__What you are asked to do__.
The exercise calls for exact output of the lines between the one that contains "DJM型鍵聯(lián)結(jié)雙型" and the end of the data, with both ends kept and pictures left out.

__Information given__.
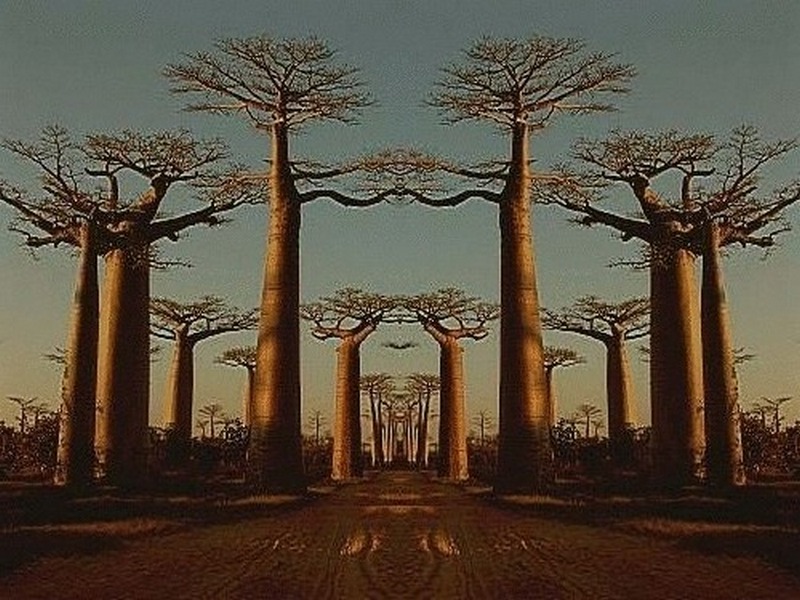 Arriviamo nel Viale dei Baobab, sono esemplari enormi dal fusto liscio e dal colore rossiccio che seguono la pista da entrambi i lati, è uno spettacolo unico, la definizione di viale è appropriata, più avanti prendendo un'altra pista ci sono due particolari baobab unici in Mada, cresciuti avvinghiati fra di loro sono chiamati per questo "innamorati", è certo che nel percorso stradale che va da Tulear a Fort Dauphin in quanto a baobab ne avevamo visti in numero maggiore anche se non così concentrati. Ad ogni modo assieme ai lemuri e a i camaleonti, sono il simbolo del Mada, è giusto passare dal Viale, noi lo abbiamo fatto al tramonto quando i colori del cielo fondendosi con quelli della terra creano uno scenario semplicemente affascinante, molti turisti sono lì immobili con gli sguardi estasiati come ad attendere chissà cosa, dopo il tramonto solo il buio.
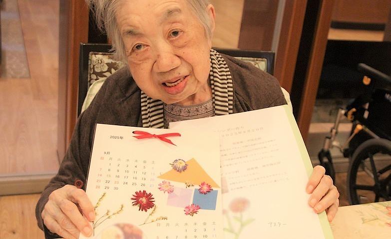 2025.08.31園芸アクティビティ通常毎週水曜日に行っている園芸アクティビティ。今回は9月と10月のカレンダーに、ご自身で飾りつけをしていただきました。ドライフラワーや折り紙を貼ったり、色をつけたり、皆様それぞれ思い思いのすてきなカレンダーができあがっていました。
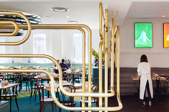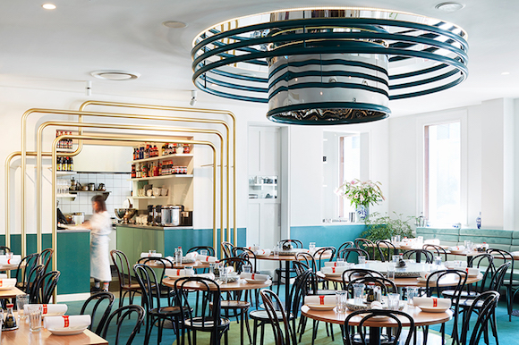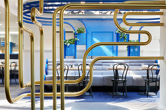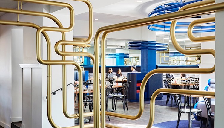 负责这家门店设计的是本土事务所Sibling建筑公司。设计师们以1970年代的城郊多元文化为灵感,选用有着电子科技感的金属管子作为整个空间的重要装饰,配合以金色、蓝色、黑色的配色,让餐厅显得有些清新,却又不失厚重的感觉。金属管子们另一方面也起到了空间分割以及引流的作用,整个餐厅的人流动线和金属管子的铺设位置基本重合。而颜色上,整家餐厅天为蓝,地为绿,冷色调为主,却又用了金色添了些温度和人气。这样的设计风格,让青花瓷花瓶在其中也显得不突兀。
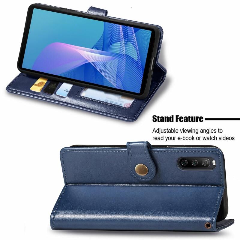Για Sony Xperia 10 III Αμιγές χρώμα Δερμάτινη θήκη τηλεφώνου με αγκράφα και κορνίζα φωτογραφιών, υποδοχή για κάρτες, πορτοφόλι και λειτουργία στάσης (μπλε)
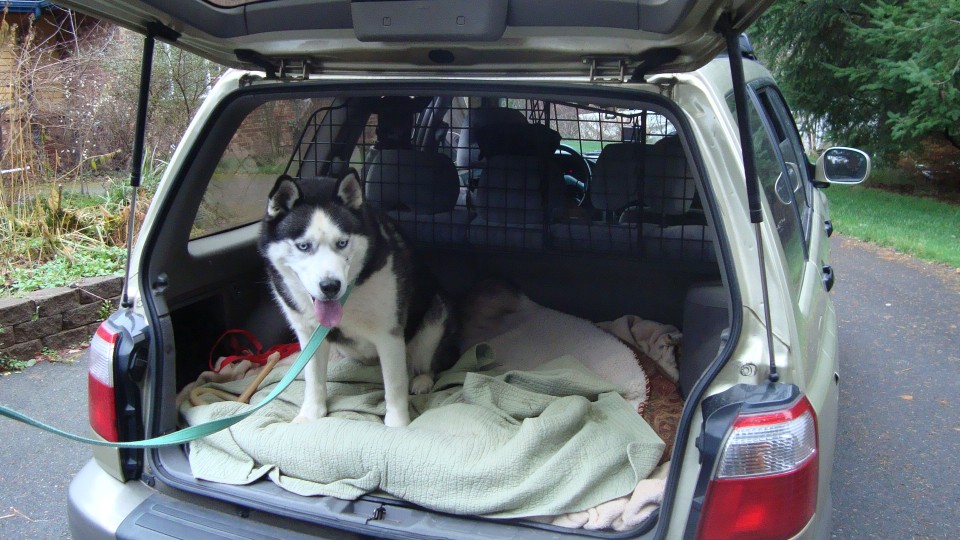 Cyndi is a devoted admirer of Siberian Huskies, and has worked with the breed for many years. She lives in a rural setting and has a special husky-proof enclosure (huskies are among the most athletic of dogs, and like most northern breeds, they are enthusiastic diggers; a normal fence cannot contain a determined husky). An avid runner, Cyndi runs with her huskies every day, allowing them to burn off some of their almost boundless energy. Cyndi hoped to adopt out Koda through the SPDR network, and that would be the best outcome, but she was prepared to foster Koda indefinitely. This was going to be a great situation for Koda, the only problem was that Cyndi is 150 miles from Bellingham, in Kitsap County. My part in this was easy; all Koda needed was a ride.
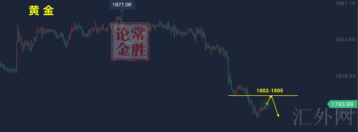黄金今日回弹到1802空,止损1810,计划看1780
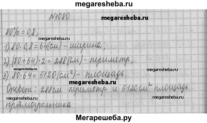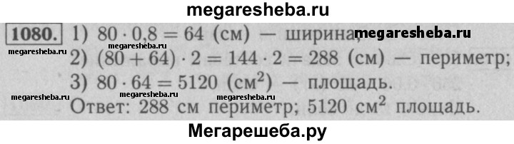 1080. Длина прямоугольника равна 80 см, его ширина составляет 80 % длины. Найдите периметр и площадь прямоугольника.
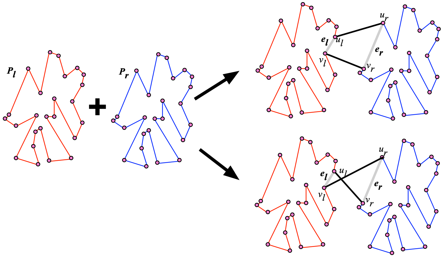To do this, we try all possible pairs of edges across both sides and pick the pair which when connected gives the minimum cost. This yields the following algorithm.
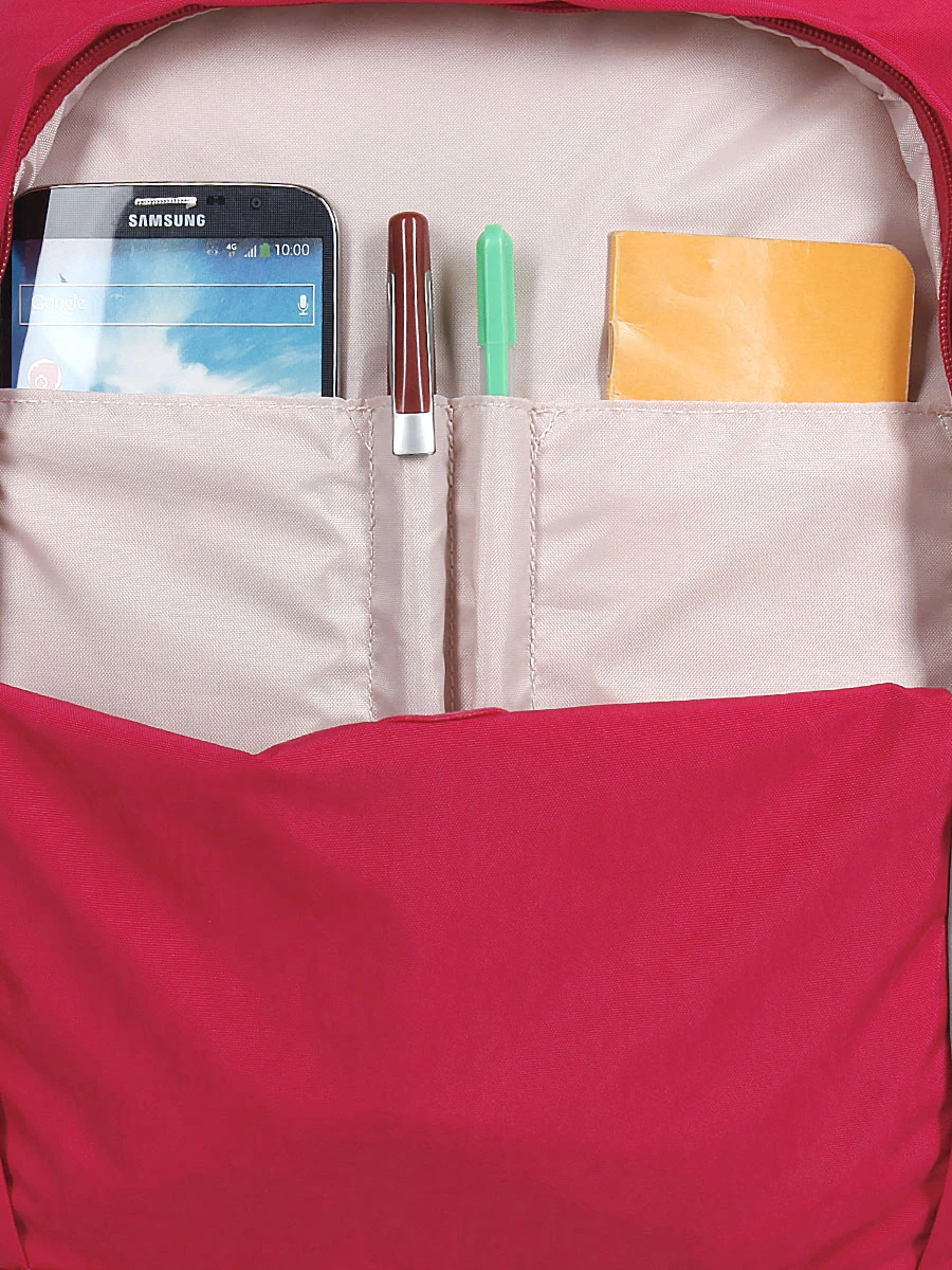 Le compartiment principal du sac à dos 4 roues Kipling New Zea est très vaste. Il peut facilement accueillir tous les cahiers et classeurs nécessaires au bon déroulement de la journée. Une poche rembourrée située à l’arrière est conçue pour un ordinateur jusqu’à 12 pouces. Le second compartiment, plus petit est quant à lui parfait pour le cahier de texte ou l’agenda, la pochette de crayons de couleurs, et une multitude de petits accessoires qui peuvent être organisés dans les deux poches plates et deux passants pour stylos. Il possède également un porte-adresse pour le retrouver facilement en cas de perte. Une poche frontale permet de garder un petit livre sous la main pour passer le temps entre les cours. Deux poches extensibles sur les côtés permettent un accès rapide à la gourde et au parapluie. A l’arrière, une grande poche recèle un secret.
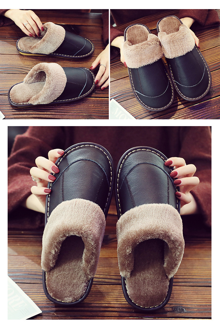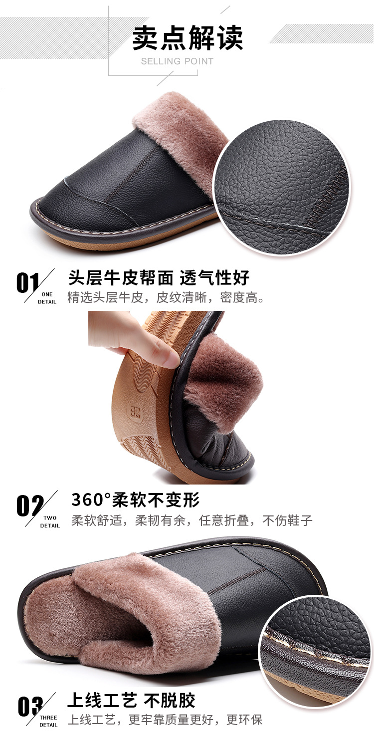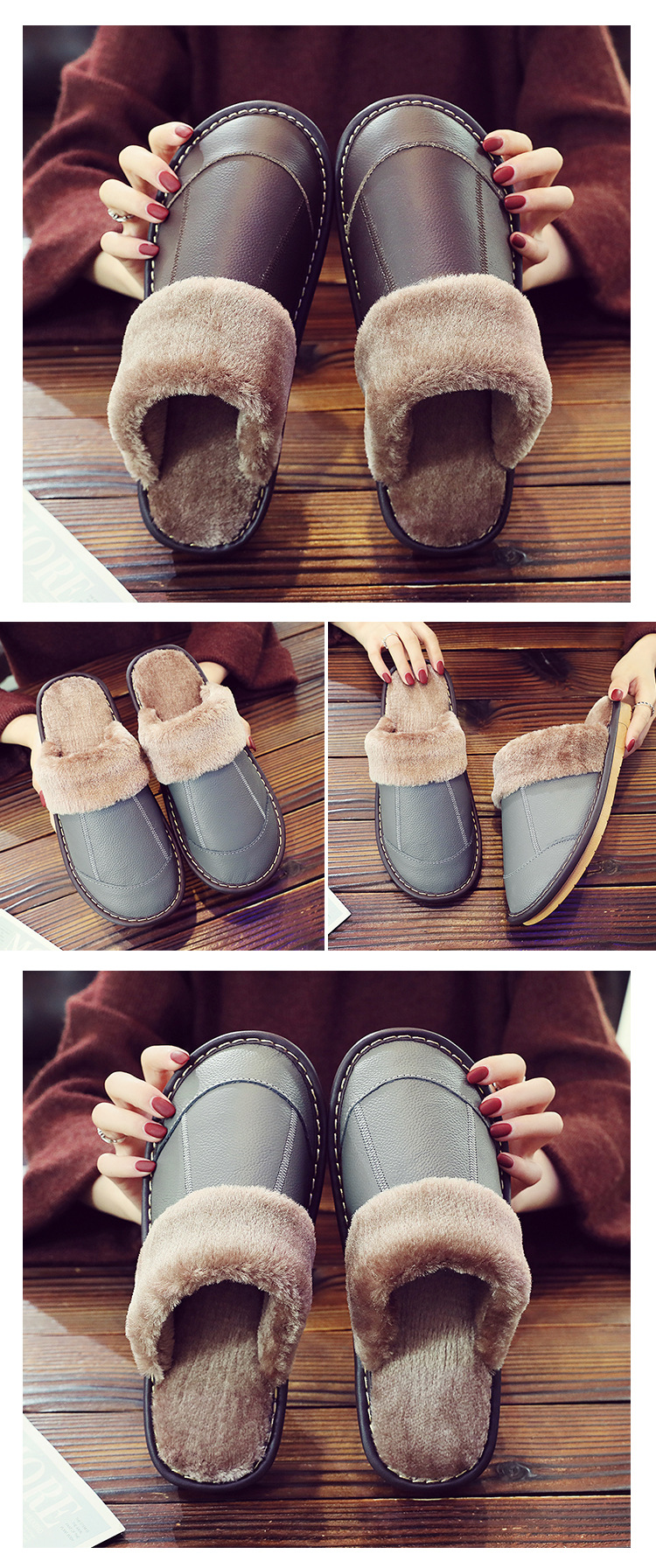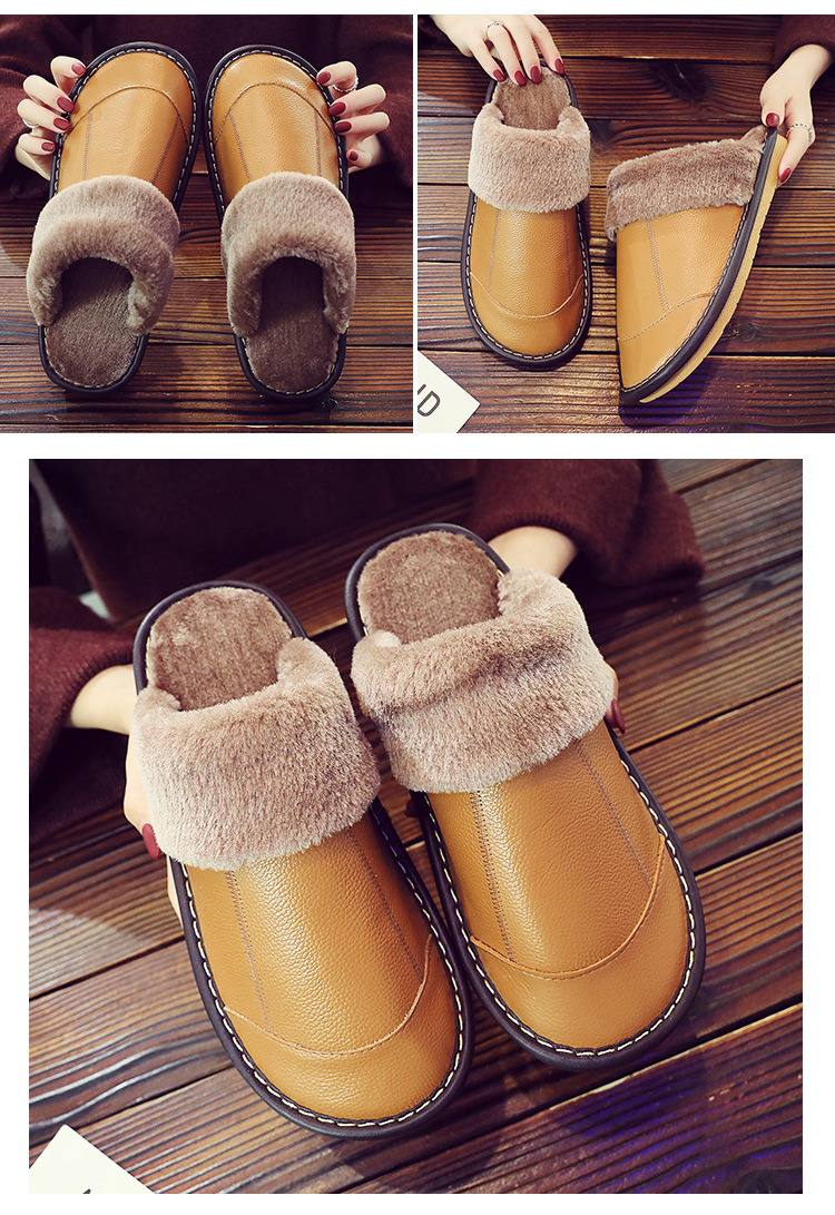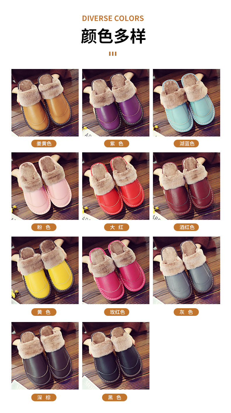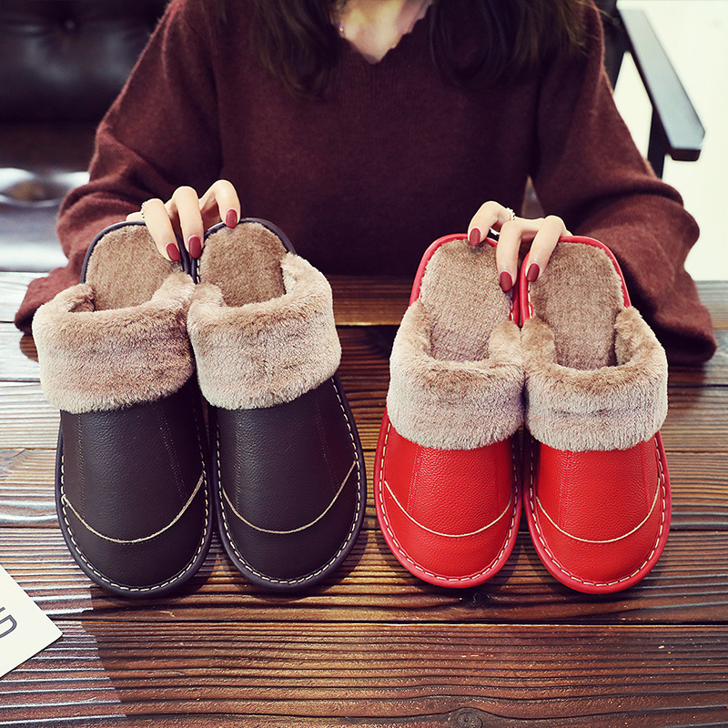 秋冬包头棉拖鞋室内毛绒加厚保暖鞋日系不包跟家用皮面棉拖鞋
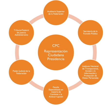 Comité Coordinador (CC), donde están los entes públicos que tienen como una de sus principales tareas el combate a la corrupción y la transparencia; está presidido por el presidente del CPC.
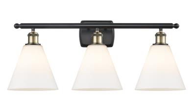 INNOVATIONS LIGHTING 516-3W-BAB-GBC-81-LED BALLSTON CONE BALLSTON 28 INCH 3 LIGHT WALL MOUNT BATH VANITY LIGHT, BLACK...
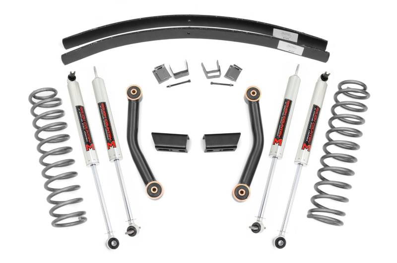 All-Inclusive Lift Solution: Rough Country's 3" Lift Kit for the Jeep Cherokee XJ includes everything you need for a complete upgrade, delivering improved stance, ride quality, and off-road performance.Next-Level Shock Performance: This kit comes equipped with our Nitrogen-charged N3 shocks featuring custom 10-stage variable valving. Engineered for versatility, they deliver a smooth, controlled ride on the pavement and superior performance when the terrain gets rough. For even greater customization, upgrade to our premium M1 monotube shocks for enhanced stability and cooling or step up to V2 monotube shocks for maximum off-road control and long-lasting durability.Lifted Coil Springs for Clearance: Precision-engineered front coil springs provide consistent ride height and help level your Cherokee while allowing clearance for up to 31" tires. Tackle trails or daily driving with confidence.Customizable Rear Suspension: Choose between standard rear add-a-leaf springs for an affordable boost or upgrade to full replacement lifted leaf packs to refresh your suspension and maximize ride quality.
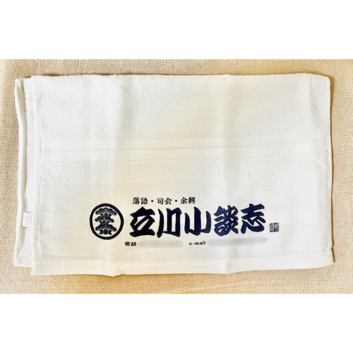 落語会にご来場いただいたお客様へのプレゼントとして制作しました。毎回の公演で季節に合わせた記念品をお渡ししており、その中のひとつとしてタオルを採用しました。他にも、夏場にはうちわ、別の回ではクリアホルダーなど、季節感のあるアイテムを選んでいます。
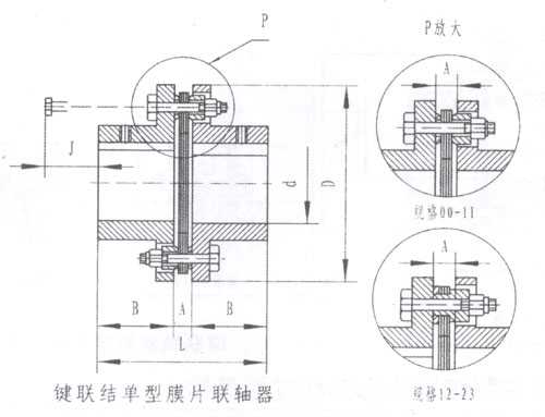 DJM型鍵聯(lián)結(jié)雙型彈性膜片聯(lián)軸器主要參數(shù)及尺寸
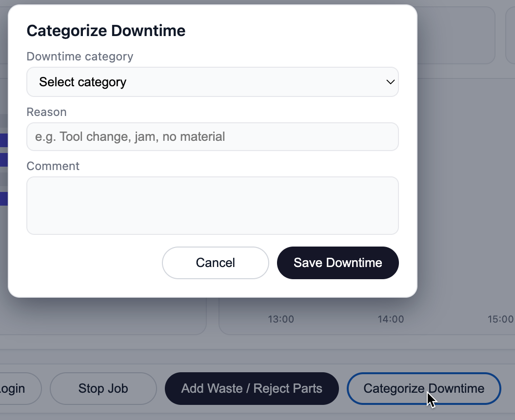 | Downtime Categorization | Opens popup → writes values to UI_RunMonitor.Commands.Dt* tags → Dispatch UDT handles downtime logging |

__Exercise answer__.
 DJM型鍵聯(lián)結(jié)雙型彈性膜片聯(lián)軸器主要參數(shù)及尺寸
 | Downtime Categorization | Opens popup → writes values to UI_RunMonitor.Commands.Dt* tags → Dispatch UDT handles downtime logging |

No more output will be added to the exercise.